### Exercise requirements
When you reach the line that contains "elegantsi ja stabiilsust.", please begin copying, and carry on exactly to the last line of the material, leaving out every picture.

### Available records
________________________________________

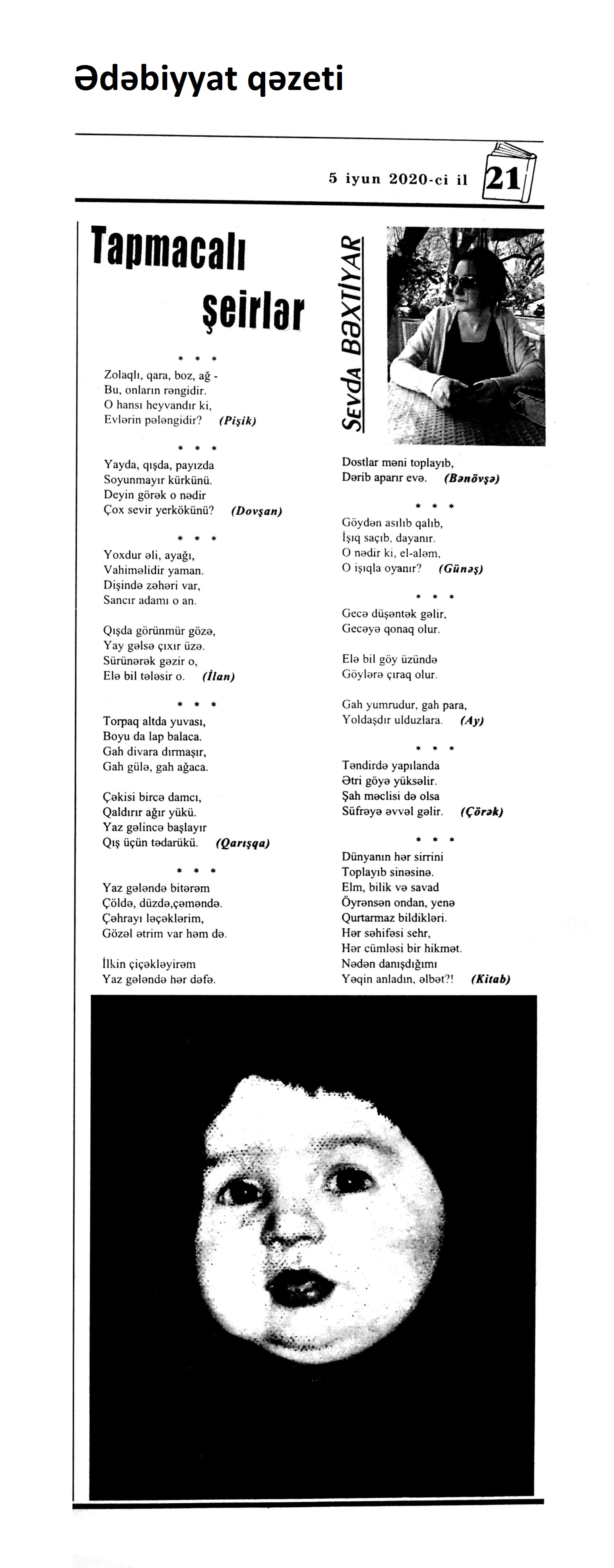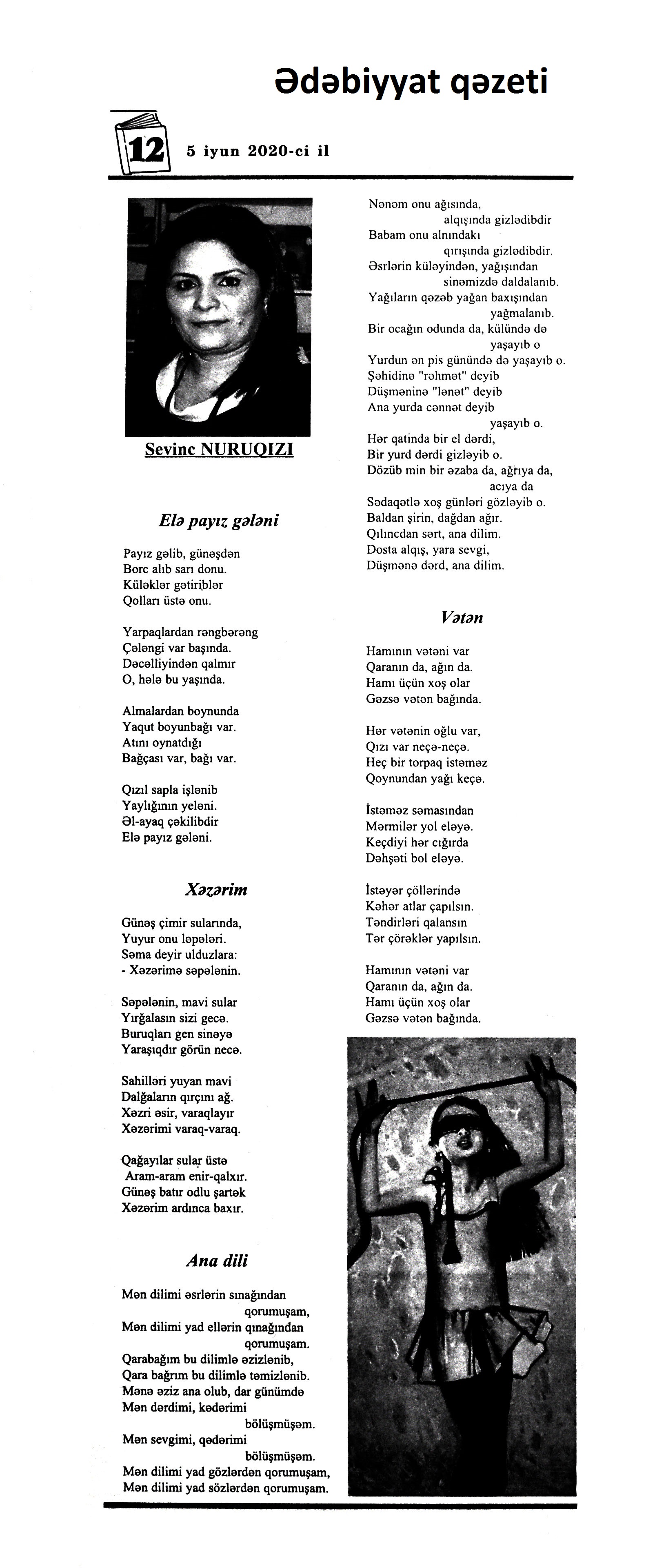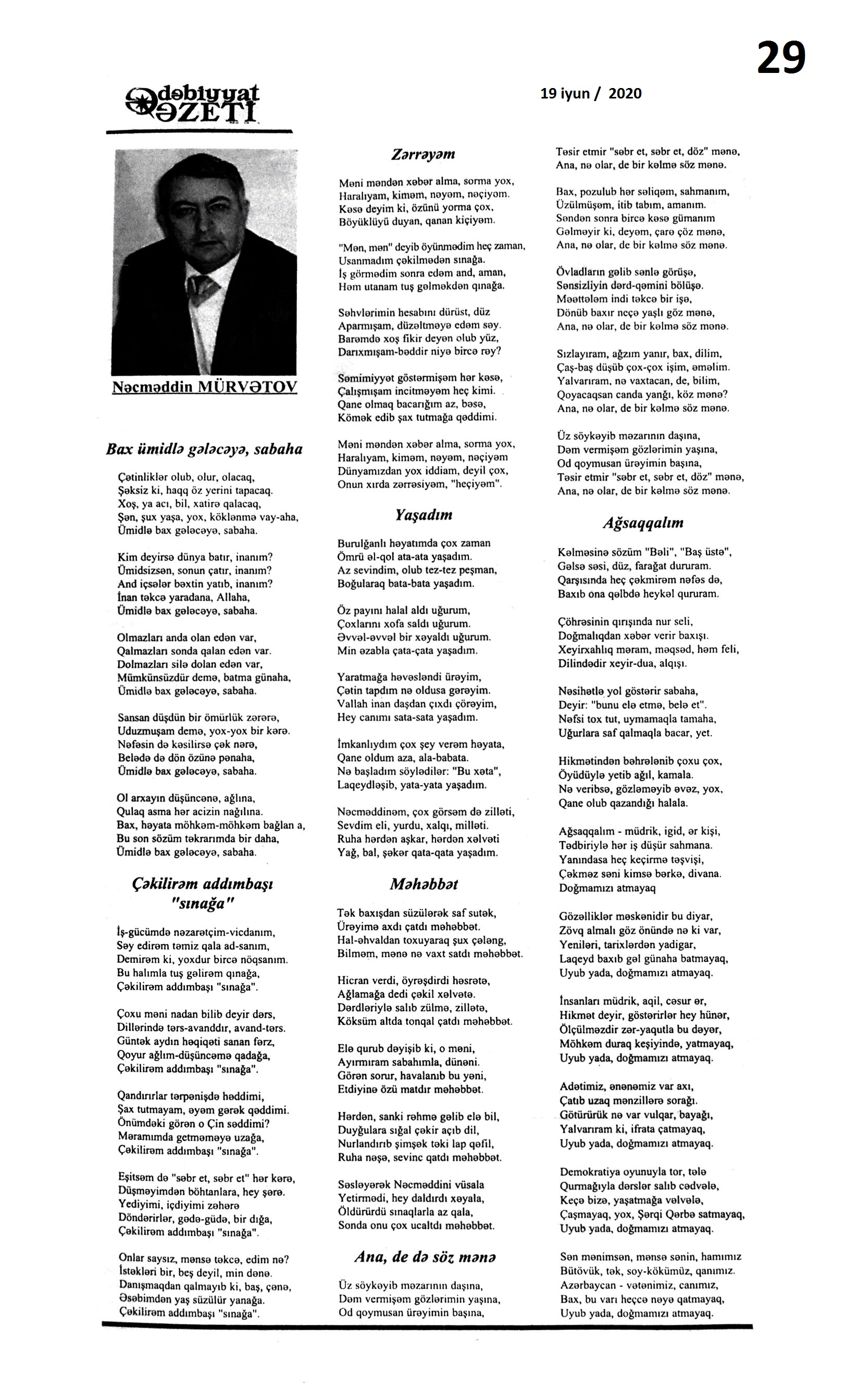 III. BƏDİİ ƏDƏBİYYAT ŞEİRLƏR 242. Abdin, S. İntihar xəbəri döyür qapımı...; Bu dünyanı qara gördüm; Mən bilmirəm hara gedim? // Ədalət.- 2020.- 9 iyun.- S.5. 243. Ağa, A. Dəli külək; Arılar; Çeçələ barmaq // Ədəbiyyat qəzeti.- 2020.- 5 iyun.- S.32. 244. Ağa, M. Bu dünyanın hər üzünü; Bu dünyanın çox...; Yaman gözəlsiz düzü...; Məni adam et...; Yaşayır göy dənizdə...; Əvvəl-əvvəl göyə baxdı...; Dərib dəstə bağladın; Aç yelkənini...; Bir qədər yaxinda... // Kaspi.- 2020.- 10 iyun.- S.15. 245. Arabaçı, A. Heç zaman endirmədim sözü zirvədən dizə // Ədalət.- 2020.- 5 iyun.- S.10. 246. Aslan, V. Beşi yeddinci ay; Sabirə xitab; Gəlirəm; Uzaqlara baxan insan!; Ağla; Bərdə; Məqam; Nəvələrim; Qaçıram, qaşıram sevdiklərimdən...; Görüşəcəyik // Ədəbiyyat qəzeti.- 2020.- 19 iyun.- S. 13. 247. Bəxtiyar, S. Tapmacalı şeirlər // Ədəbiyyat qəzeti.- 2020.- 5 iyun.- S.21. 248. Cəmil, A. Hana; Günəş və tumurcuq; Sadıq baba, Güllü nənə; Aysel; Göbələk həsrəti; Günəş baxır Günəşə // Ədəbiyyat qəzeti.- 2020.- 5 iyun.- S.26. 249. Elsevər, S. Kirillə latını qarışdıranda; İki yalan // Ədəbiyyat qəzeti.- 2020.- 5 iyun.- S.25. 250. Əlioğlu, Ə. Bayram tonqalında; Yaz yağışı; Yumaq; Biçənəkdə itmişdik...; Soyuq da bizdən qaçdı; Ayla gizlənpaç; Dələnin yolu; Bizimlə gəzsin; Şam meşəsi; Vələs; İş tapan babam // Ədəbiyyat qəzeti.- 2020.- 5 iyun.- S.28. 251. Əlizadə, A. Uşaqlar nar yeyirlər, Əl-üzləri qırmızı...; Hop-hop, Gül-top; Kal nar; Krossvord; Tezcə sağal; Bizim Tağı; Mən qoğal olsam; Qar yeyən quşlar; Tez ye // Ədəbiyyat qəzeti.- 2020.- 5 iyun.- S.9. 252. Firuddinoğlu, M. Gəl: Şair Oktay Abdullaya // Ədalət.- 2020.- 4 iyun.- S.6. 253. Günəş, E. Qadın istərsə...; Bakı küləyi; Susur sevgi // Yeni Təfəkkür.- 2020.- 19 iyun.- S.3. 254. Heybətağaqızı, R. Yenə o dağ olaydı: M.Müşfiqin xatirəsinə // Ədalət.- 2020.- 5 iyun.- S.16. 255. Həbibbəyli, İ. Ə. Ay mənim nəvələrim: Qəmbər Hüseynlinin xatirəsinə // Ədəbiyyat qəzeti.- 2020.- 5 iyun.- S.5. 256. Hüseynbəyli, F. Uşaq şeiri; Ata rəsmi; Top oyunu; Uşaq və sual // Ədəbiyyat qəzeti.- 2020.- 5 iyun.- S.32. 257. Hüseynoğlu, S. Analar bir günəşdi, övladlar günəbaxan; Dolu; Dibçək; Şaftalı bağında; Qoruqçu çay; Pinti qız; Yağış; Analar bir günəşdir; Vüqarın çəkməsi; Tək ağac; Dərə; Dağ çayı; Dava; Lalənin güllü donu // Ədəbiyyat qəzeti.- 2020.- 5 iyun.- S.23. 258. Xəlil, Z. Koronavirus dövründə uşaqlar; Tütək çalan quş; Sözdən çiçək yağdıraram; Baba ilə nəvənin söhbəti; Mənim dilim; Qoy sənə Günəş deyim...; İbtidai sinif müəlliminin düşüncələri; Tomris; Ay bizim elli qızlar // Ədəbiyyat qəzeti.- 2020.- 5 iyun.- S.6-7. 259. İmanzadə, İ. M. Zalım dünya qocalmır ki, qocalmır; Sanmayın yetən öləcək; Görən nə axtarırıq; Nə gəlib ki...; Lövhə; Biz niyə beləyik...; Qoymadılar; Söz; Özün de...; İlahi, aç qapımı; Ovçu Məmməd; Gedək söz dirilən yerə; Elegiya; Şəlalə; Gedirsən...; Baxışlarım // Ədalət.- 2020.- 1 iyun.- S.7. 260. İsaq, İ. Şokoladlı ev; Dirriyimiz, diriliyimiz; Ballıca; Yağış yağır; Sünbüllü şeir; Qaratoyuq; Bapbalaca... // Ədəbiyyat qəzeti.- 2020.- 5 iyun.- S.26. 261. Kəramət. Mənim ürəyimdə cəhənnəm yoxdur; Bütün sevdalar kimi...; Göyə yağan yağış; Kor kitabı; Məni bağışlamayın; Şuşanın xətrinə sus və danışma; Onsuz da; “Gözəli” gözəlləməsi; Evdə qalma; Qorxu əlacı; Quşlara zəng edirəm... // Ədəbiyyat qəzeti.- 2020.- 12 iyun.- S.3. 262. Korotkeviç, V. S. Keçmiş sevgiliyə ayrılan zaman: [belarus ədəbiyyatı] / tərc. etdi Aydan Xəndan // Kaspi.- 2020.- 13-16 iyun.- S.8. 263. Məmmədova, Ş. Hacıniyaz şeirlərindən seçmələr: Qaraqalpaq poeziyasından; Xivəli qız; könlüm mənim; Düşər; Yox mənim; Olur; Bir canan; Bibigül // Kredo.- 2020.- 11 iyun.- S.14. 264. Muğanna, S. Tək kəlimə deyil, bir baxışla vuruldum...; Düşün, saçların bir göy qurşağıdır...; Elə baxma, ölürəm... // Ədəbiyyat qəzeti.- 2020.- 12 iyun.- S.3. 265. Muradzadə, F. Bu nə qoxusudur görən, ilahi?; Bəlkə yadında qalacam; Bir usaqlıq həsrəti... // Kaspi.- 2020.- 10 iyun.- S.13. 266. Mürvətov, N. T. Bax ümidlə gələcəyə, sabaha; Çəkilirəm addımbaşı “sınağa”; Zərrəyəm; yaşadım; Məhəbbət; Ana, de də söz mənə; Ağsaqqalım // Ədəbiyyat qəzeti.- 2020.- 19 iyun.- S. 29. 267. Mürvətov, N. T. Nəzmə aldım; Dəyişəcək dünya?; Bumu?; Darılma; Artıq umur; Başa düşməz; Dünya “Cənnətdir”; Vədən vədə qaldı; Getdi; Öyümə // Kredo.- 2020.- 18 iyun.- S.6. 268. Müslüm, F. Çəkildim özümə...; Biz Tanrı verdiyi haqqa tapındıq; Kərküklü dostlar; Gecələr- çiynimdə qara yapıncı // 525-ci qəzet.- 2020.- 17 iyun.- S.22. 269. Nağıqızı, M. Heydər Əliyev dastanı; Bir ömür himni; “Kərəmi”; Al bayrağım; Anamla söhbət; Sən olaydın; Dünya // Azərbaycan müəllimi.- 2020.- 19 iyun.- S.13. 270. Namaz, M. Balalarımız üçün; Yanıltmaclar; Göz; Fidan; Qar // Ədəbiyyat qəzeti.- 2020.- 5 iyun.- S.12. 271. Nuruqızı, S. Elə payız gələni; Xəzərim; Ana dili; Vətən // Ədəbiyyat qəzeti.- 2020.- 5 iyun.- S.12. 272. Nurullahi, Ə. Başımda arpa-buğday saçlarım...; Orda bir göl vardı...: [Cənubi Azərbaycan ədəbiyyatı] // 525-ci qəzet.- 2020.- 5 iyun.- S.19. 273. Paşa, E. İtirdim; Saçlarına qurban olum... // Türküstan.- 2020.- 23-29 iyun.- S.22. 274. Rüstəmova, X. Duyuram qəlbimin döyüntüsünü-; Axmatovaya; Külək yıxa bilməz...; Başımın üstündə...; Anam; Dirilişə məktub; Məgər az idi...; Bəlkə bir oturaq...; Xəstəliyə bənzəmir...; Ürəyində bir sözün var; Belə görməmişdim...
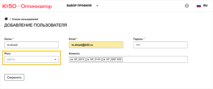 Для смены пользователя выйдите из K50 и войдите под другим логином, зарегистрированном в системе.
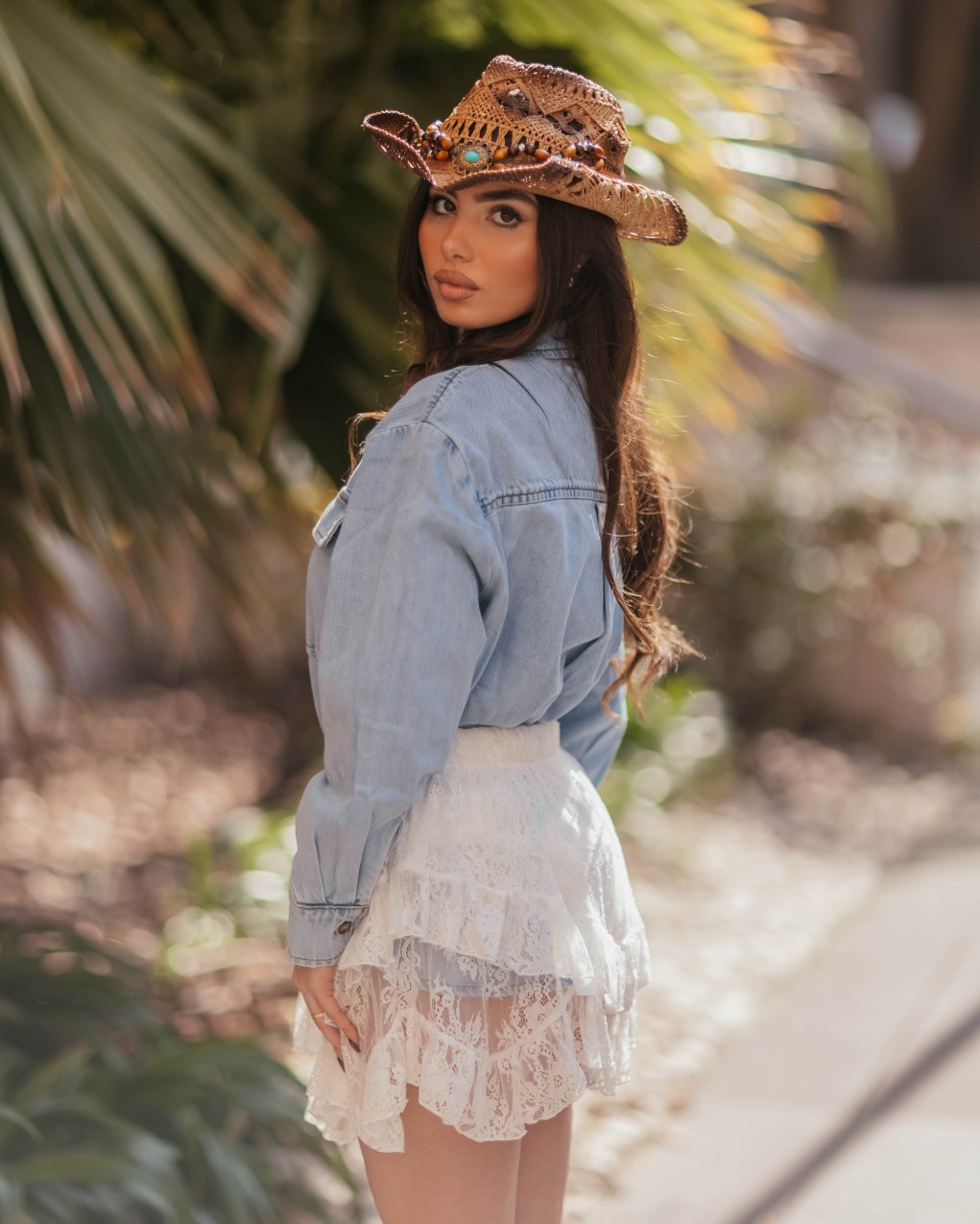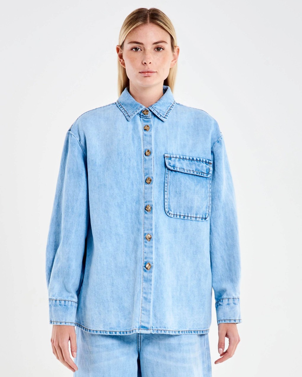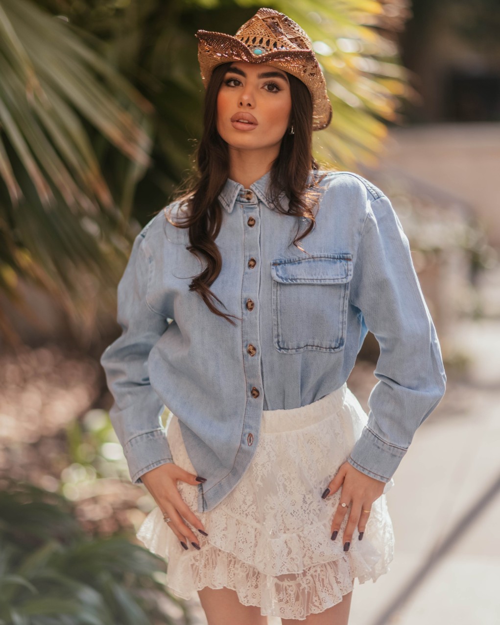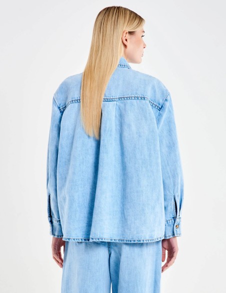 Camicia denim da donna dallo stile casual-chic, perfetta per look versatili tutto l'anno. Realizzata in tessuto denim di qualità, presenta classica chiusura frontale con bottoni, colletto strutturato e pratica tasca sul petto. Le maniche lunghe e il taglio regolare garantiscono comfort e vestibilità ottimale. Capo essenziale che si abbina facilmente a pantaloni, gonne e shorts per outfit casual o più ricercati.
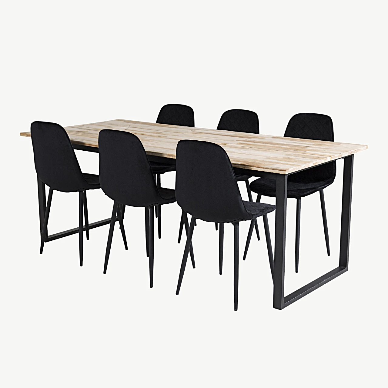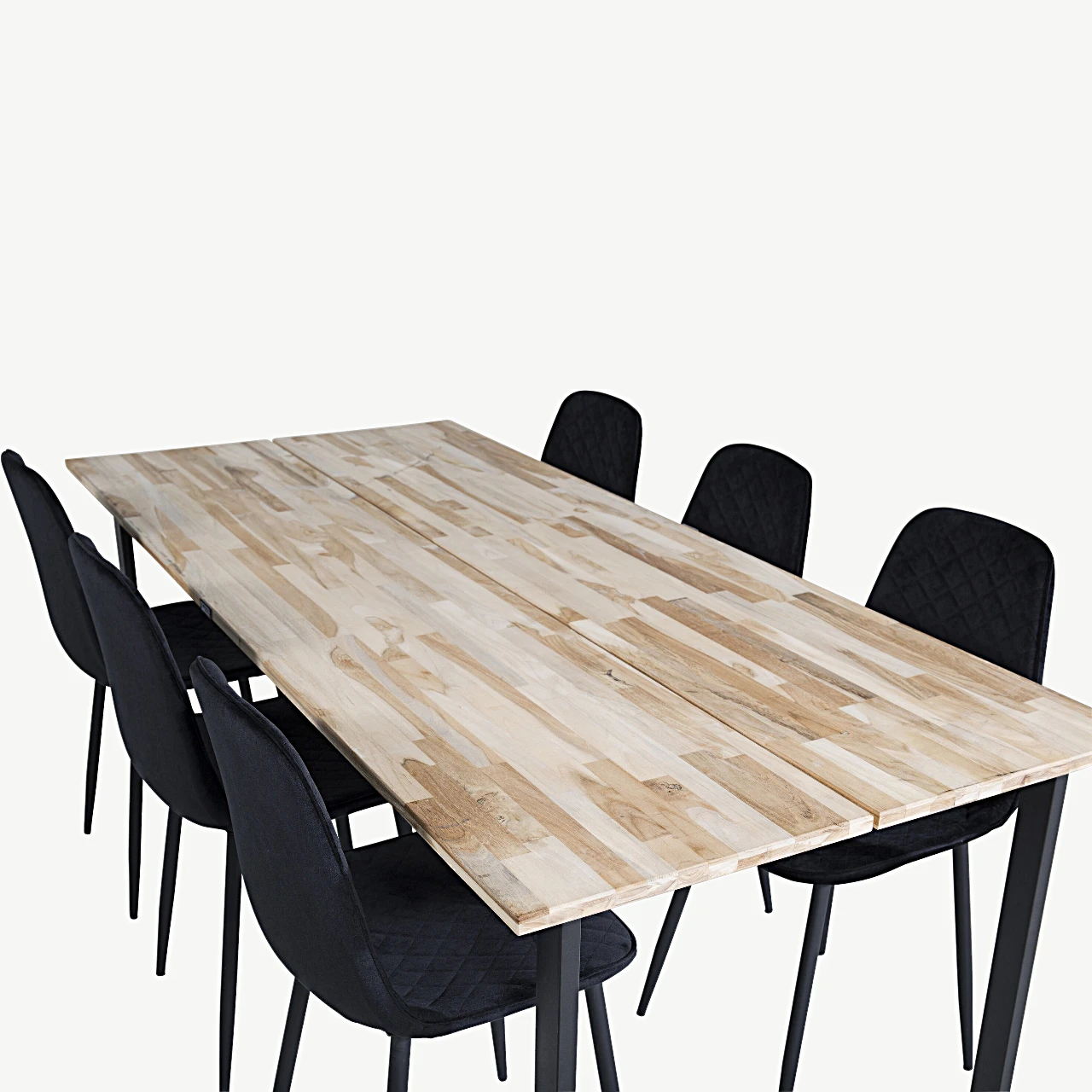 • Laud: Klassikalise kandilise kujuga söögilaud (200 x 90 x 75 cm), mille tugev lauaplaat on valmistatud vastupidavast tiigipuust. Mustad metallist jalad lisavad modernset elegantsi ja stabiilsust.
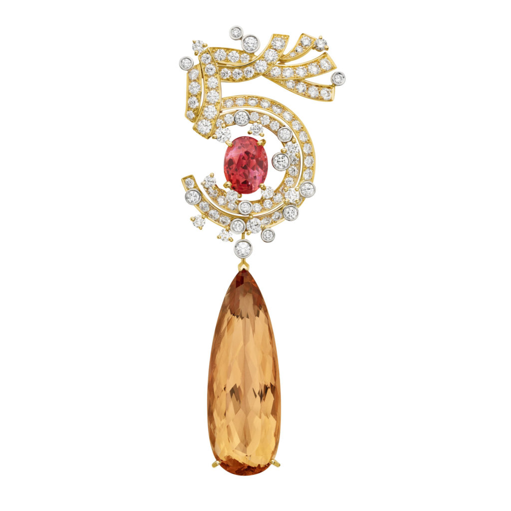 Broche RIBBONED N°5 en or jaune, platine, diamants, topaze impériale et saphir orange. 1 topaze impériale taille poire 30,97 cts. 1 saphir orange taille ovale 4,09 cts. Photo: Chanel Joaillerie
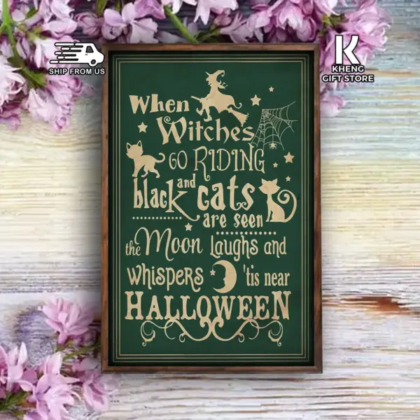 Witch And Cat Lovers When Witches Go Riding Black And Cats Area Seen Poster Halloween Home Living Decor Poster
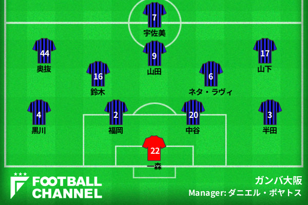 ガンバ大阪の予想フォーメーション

________________________________________

### Reply to the exercise
 • Laud: Klassikalise kandilise kujuga söögilaud (200 x 90 x 75 cm), mille tugev lauaplaat on valmistatud vastupidavast tiigipuust. Mustad metallist jalad lisavad modernset elegantsi ja stabiilsust.
 Broche RIBBONED N°5 en or jaune, platine, diamants, topaze impériale et saphir orange. 1 topaze impériale taille poire 30,97 cts. 1 saphir orange taille ovale 4,09 cts. Photo: Chanel Joaillerie
 Witch And Cat Lovers When Witches Go Riding Black And Cats Area Seen Poster Halloween Home Living Decor Poster
 ガンバ大阪の予想フォーメーション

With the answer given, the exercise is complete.